= Beginning of Section =
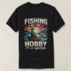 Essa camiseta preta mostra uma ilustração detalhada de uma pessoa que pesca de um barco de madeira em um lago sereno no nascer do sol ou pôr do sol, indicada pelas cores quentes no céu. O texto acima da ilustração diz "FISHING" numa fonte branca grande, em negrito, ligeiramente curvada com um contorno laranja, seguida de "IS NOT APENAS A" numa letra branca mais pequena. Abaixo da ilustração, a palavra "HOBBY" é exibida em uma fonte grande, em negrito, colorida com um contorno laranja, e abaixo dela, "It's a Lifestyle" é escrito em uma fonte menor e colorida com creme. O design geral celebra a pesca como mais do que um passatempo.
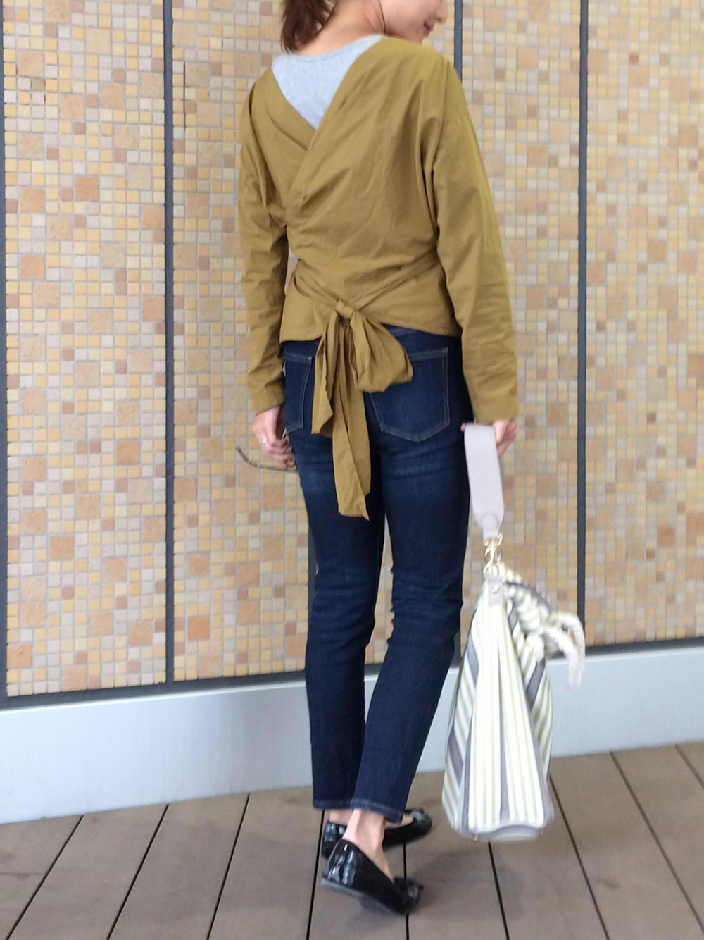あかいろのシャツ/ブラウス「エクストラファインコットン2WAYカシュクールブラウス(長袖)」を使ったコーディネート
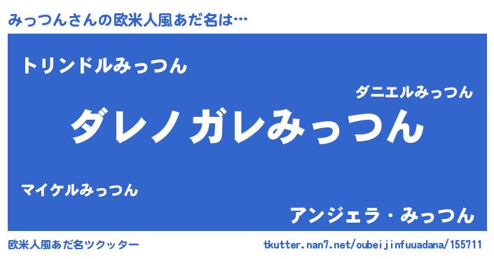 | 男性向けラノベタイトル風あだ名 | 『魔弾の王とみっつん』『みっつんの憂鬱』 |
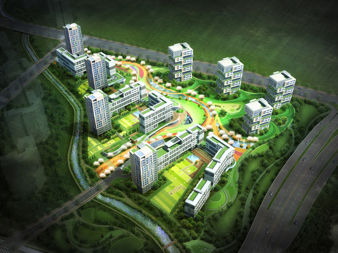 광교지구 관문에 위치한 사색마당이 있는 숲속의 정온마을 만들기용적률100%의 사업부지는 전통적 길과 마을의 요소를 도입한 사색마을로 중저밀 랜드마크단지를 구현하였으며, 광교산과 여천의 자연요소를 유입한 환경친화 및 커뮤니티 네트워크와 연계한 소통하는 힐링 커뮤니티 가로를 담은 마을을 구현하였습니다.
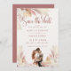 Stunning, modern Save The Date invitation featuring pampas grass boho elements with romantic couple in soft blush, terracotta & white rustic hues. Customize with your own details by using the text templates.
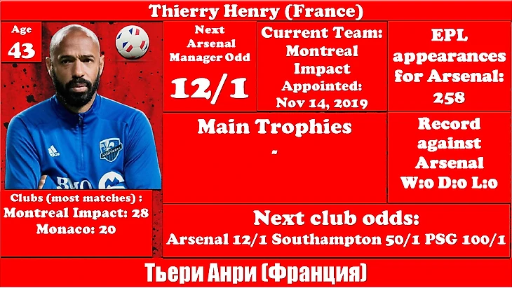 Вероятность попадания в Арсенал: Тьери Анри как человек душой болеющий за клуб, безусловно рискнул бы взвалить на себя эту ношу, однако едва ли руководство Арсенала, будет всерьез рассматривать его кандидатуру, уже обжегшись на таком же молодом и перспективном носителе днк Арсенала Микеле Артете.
= End of Section =
= Beginning of Section =
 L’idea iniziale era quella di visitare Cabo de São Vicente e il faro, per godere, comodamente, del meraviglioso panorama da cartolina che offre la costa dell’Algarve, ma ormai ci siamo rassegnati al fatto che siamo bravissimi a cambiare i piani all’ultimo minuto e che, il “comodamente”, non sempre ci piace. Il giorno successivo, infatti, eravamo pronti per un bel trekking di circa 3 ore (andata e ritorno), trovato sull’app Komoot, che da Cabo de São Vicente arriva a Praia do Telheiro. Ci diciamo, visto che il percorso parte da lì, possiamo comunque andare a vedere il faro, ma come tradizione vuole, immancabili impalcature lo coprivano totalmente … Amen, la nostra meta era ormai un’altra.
= End of Section =
> _WORK ITEM_:
With the pictures omitted, print the lines above exactly, beginning at the line with "男性向けラノベタイトル風あだ名 | 『魔弾の王とみっつん』『みっつんの憂鬱』 |" and going on through the line with "Вероятность попадания в".

> _RESPONSE BELOW_:
 | 男性向けラノベタイトル風あだ名 | 『魔弾の王とみっつん』『みっつんの憂鬱』 |
 광교지구 관문에 위치한 사색마당이 있는 숲속의 정온마을 만들기용적률100%의 사업부지는 전통적 길과 마을의 요소를 도입한 사색마을로 중저밀 랜드마크단지를 구현하였으며, 광교산과 여천의 자연요소를 유입한 환경친화 및 커뮤니티 네트워크와 연계한 소통하는 힐링 커뮤니티 가로를 담은 마을을 구현하였습니다.
 Stunning, modern Save The Date invitation featuring pampas grass boho elements with romantic couple in soft blush, terracotta & white rustic hues. Customize with your own details by using the text templates.
 Вероятность попадания в Арсенал: Тьери Анри как человек душой болеющий за клуб, безусловно рискнул бы взвалить на себя эту ношу, однако едва ли руководство Арсенала, будет всерьез рассматривать его кандидатуру, уже обжегшись на таком же молодом и перспективном носителе днк Арсенала Микеле Артете.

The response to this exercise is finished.